As described above, according to the present invention, after the contact holes are formed in the portions to be the source, drain and gate, the portions to be the gate should be covered to become the source and drain. Ions of the second conductivity type impurity are implanted into the portion, and the portions of the source and drain to be covered are covered with the ions of the first conductivity type impurity into the portion to be the gate. It is possible to form the JFET with a substantially uniform distance from the gate electrode with high accuracy, and it is possible to realize a JFET in which the variation in gate breakdown voltage is extremely small as compared with the related art.

[Brief description of drawings]

1A to 1F are views showing an example of a manufacturing process of a junction field effect transistor according to the present invention.

FIG. 2 is a diagram showing a structure of a junction field effect transistor.

3 (a) and 3 (b) are views showing a pre-process of the manufacturing process of FIGS. 1 (a) to 1 (f).

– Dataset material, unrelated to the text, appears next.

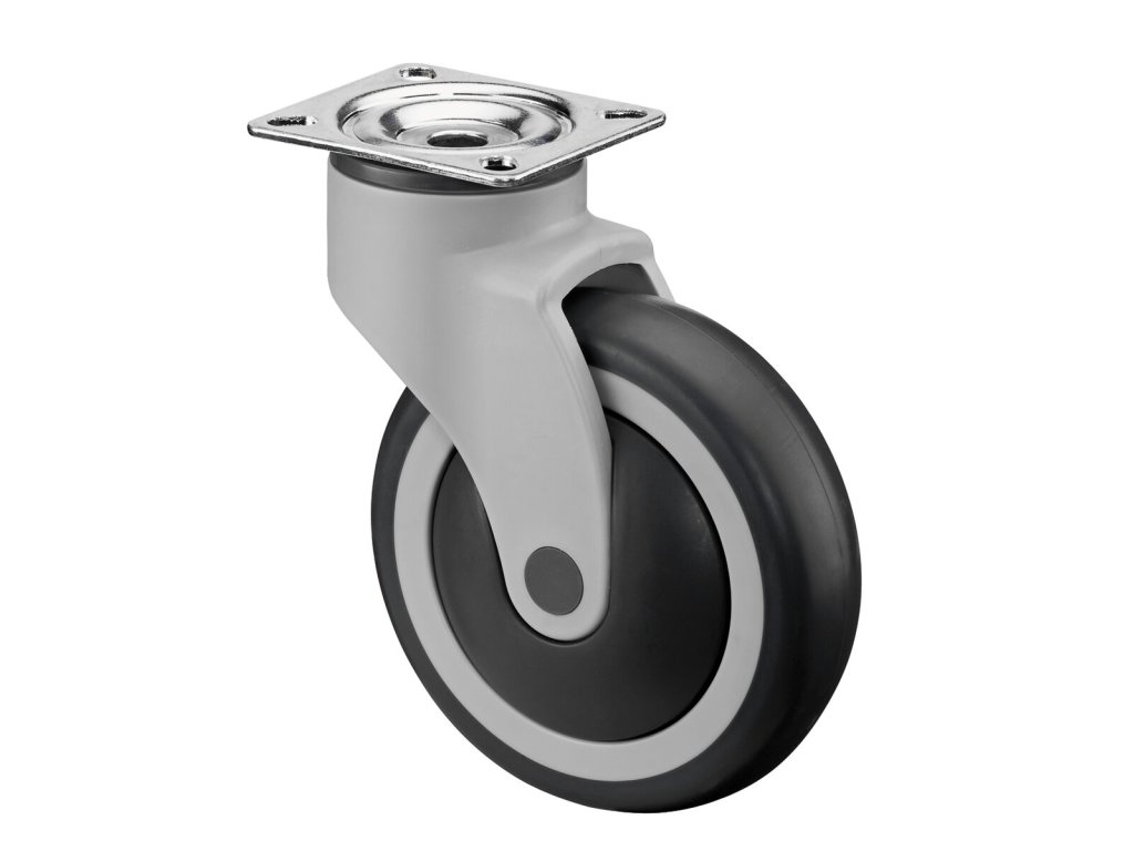 Kunststoffrolle C100.A82.125, Produkttyp: Lenkrollen, Befestigung: , Ø Schraubloch: 61x51/56x46 mm, Material/Art des Radkörpers: 8.1, Material der Lauffläche: thermoplastischer Gummi grau, Lager: 0, Ø Rad: 125 mm, Tragkraft: 100 kgDodatočné parametre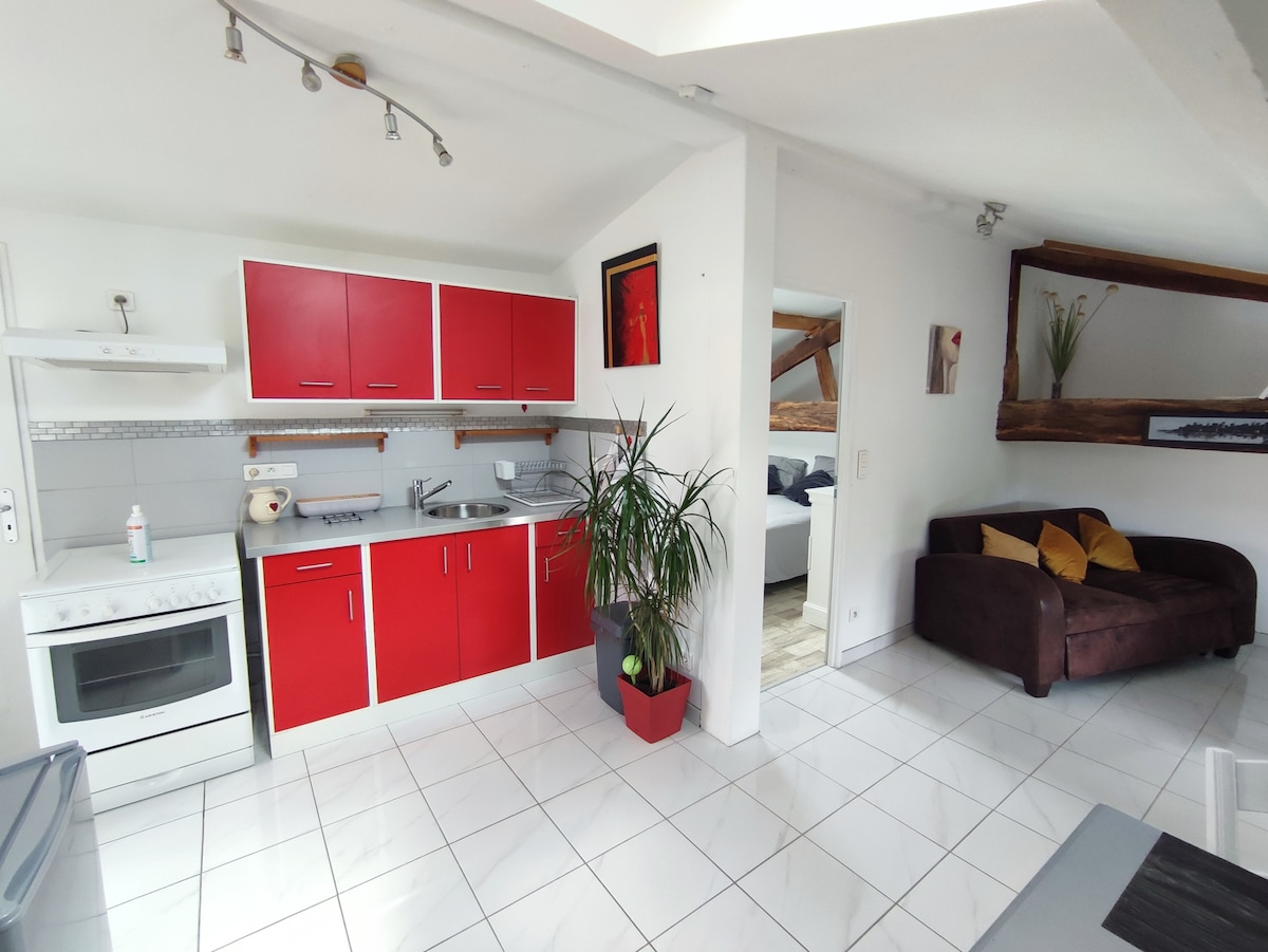 Ideal para pasear en bicicleta, a pie o para pescar... Al pie del Beaujolais, a 850 m de las orillas del Saona y de un lago. Estudio equipado para no fumadores de 35 m² con terraza, wifi, aire acondicionado, en la planta superior de mi casa (acceso independiente). Compuesto por un dormitorio (cama de 160x200), una sala de estar/cocina equipada con un sofá, un baño. Prever un suplemento de 40€ para la limpieza de fin de estancia si no quiere encargarse de ello, de lo contrario hay todo lo necesario en el lugar

4A to 4E are views showing an example of a manufacturing process of a conventional junction field effect transistor.

[Explanation of symbols]

DESCRIPTION OF SYMBOLS 1 1st conductivity type back gate region 2 Channel region 3 Source (2nd conductivity type high concentration region) 4 Drain (2nd conductivity type high concentration region) 5 Gate (1st conductivity type high concentration region) 6 Resist Film 7 Second conductivity type impurity 8 First conductivity type impurity 9 Interlayer insulating film 10 Metal electrode

Claims (3)

[Claims] 1. A step of forming a contact hole in each portion to be a source, a drain and a gate, and a portion to be a source and a drain after covering a portion to be a gate after forming a contact hole in each of the portions. And a step of implanting ions of the second conductivity type impurity into the substrate, and a step of implanting ions of the first conductivity type impurity into the part to be the source and drain and to the gate. And a method for manufacturing a junction field effect transistor. 2. The method for manufacturing a junction field effect transistor according to claim 1, wherein the ion implantation of the second conductivity type impurity into the portions to be the source and the drain is performed by self-alignment with respect to the contact hole. Further, the method for manufacturing a junction field effect transistor, wherein the ion implantation of the first conductivity type impurity into the portion to be the gate is performed by self-alignment with respect to the contact hole. 3. The method of manufacturing a junction field effect transistor according to claim 1, wherein a second conductivity type impurity is ion-implanted into the portions to be the source and drain, and the first conductivity type is into the portion to be the gate. A method for manufacturing a junction field effect transistor, characterized in that after implanting impurities, each implanted ion is activated by annealing to form a source, a drain and a gate.